Speaker
Description
We present Turbo-Sim, a generalised autoencoder framework derived from principles of information theory that can be used as a generative model. By maximising the mutual information between the input and the output of both the encoder and the decoder, we are able to rediscover the loss terms usually found in adversarial autoencoders and generative adversarial networks, as well as various more sophisticated related models. Our generalised framework makes these models mathematically interpretable and allows for a diversity of new ones by setting the weight of each loss term separately. The framework is also independent of the intrinsic architecture of the encoder and the decoder thus leaving a wide choice for the building blocks of the whole network.

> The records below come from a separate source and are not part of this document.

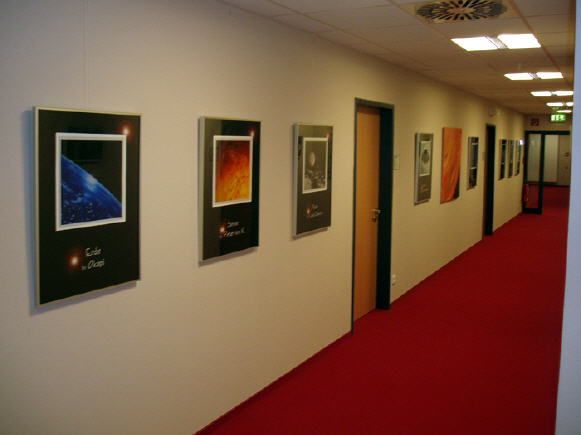 "Wir haben Jupiter und die Poster der anderen Planeten zusammen mit Photos von einem Projekt einer Schule, bei dem ein alter Gasometer die Sonne darstellt und die Planeten als Stahlplastiken im entsprechenden Maßstab (größenmäßig) aufgestellt sind, in einem Flur aufgehängt. Das schafft auch einen lokalen Bezug."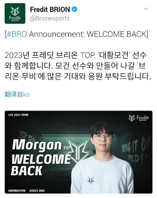 BRO官推:Morgan选手担任我们2023年的新上单 欢迎回归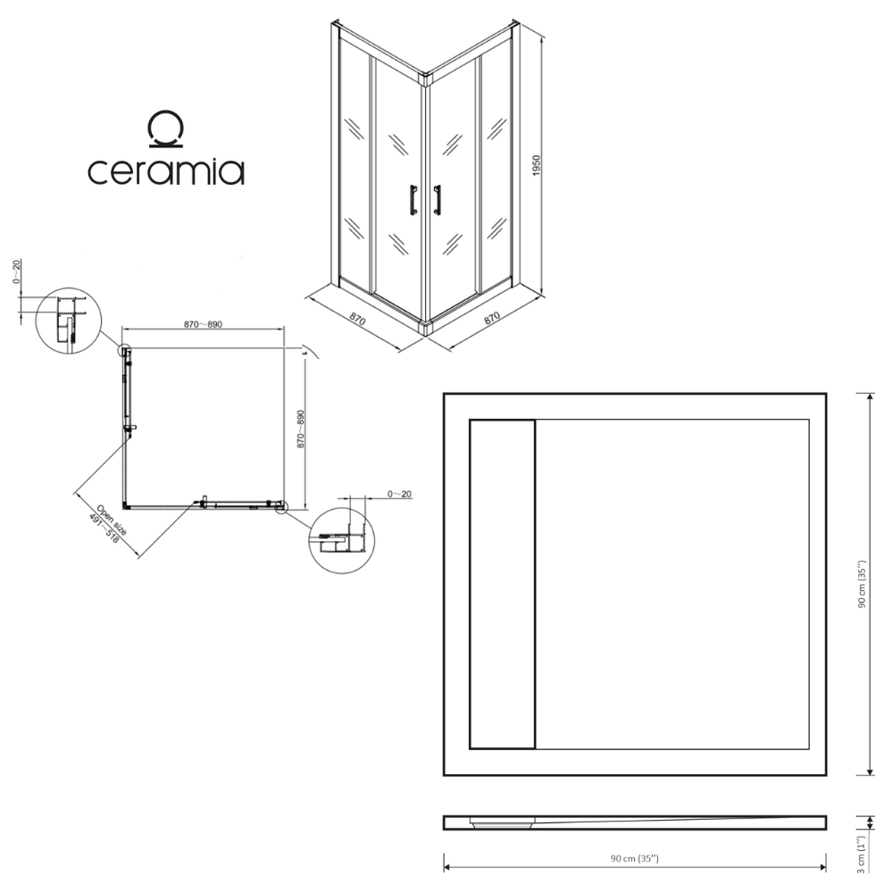 Caractéristiques de la porte coulissante 90x90 + receveur gris avec siphon (HCB-ALD15G-9090) :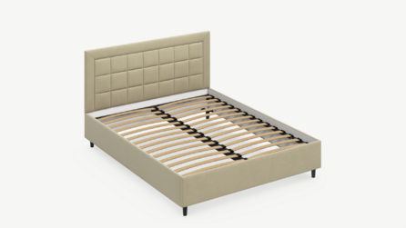 Рама, изголовье и царги надежно крепятся между собой, обеспечивая прочность и устойчивость кровати.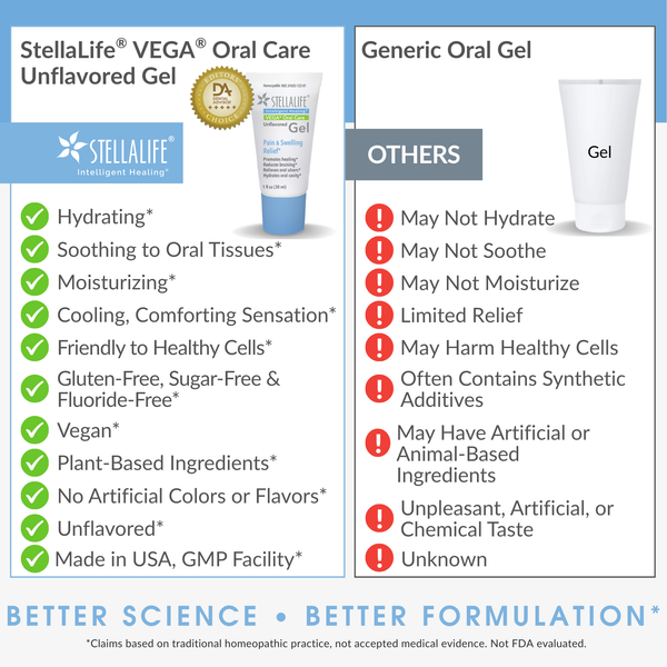 StellaLife® VEGA® Oral Care Unflavored Gel is a patented innovative technology formulated to relieve discomfort after dental procedures and reduce the need for opioids and steroids (StellaLife® Gel & Rinse).

We apply Turbo-Sim to a collider physics generation problem: the transformation of the properties of several particles from a theory space, right after the collision, to an observation space, right after the detection in an experiment. We show that our model is able to compete with state-of-the-art method, even outperforming it in critical tasks. Moreover, these results are reached with very basic network building blocks, which is a crucial observation in view of future more expressive implementations.
Another interesting application of such a model is to use it for unfolding tasks. An important aspect of particle physics analysis is also to get back from the observed data to the actual physics. Thanks to the paradigm of using a physically meaningful latent space, i.e. the theoretical distributions of energy and momenta of a given scattering process, our Turbo-Sim model is also trained to achieve this task.